Oven-baked Portobello mushroom fries make a delicious, healthier appetizer. Thick portobello slices are coated in panko breadcrumbs, baked until golden and crisp, and served with a simple homemade aioli.

These baked Portobello mushroom fries have become a favorite snack in my kitchen. They aren’t deep-fried, but they are cut into fry-shaped strips, coated in a crisp panko and parmesan crust, and baked so the outside is crunchy while the inside stays juicy and flavorful. Best of all: they’re perfect for dipping.
They’re as straightforward to make as hand-cut potato fries, but much lighter because they’re baked. Serve them with a quick aioli or one of the other dipping suggestions below — they work well as a shared appetizer for holiday gatherings, a TV-time snack, or a light meal when you’re craving something crispy.

Quick summary
Portobello mushrooms are sliced, dredged in flour and egg, coated with panko, parmesan and Italian seasoning, then baked until golden. Serve with a simple aioli or your favorite dip.
This recipe is a great option for mushroom season and makes a satisfying shareable appetizer for Thanksgiving or any gathering.

How to make Baked Portobello Mushroom Fries
Prep: Preheat the oven to 425°F (225°C). Place a wire rack on a baking sheet (a rack helps them crisp evenly), lightly oil the rack with cooking spray and set aside.

Steps 1–3: Remove the stalks and scrape out the gills with a spoon. Slice each mushroom into 1/4-inch (about 6 mm) strips.

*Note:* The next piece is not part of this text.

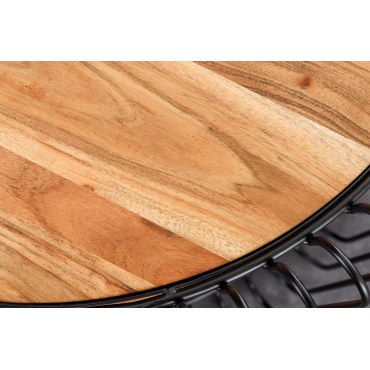 Stolik kawowy TRUE ELEMENTS to połączenie naturalnego piękna drewna akacjowego z nowoczesnym, industrialnym designem. Okrągły blat o wyjątkowej strukturze drewna osadzony jest na solidnym, czarnym metalowym stelażu, co nadaje meblowi elegancki i ponadczasowy charakter.

Step 4: Set up three bowls: one with flour, one with beaten eggs, and one with a mixture of panko, grated parmesan and Italian seasoning.
Step 5: Dredge each mushroom strip in flour, dip in egg, then press into the panko mixture so the coating adheres. Arrange strips on the prepared rack. If needed, wash hands between batches to avoid clumping.
Step 6: Bake for 10–14 minutes, until golden brown and crisp. Watch them closely toward the end so they don’t burn.

Other seasoning options
If you prefer different flavors, replace the Italian seasoning (and omit parmesan if desired) with about 2 teaspoons of one of these alternatives:
- Cajun seasoning
- Steak seasoning
- Taco or fajita seasoning
- Smoked or sweet paprika
Taste and add salt as needed, since different blends vary in saltiness.
Dipping sauce options
- Aioli — a lemony garlic aioli pairs especially well with Italian or steak seasoning.
- Chipotle Lime Mayo — mix 1/3 cup mayonnaise with 2/3 teaspoon lime juice and 3/4 teaspoon chili powder; great with taco, fajita or paprika flavors.
- Plain ketchup — a familiar favorite that works with many seasonings.
- Marinara sauce — a warm or room-temperature marinara complements Italian or steak-seasoned fries.

Tips
- No rack? Place the fries on a parchment-lined baking sheet and flip halfway through baking so both sides crisp.
- There will usually be leftover flour and panko; the recipe’s nutrition reflects this.
- To make gluten-free: use gluten-free flour and gluten-free breadcrumbs.
- To make dairy-free: omit parmesan or substitute with nutritional yeast for a savory note.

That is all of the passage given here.